Like most people in Phoenix, I had no idea that Phoenix was an old as it is. I figured that it had pretty much started when the oldest malls were built, like back in the '50s. Or that maybe it was as old as the '20s, because of the old buildings that I used to see downtown. Actually, Phoenix goes back to 1870.
Time-travel with me to a Phoenix before automobiles. I'm making the distinction there, because there were cars, it's just that they were Street Cars. It's 1905, and we can go anywhere that we need to without the need for anything but our feet and the Street Cars.

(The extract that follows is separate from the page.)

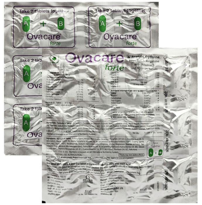 Ovacare Forte Tablet is a health supplement for women enriched with essential micronutrients like myoinositol, d-chiro inositol, n-acetyl cysteine, and l-arginine. The formula also contains vitamin B12, folic acid, and other essential antioxidants.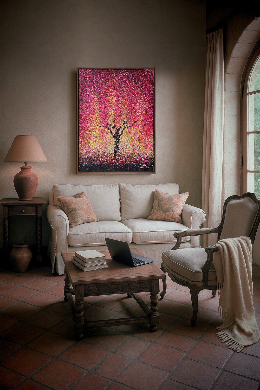 The painting is framed in a modern, gallery-style frame that perfectly complements both classic and contemporary interiors. Its clean lines and elegant design enhance the artwork while maintaining a refined, timeless aesthetic.

The car lines (or trolley tracks if you prefer) were laid out beginning in the 1880s. Mostly they ran east and west along Washington, but you could also take the Indian School Car Line up 3rd Street, to the Indian School, on Indian School Road. You know, way out in the country. The cars also ran to East Lake Park, where there were things to do, which included a Natatorium (indoor swimming pool).
The cars (remember that I'm referring to Street Cars here) ran just about all of the time. There was no need to consult a schedule. But we really don't need the Street Cars, everything we need is right here within walking distance. And we have something that's almost unheard of in the 21st Century, free delivery. It worked like this: we walk into a store, choose what we want, and it's delivered to us. We don't carry stuff around, we just walk home, or take the Street Car back. The deliveries are done either with horses and wagons, or on bicycles, or on those newfangled things called "motorcycles".
|The first car in Phoenix. You're looking east on Washington at 2nd Avenue.|
Look! There's Dr. Swetman, with his horseless carriage! Let's go look at it, maybe he'll give us a ride. Can you image how wonderful it will be like when everyone has their own horseless carriage? No more walking, no more muddy streets, no more Street Cars.
Image at the top of this post: Looking west on Washington from just east of 1st Street in 1905, Phoenix, Arizona. The automobiles will change everything in just a few years.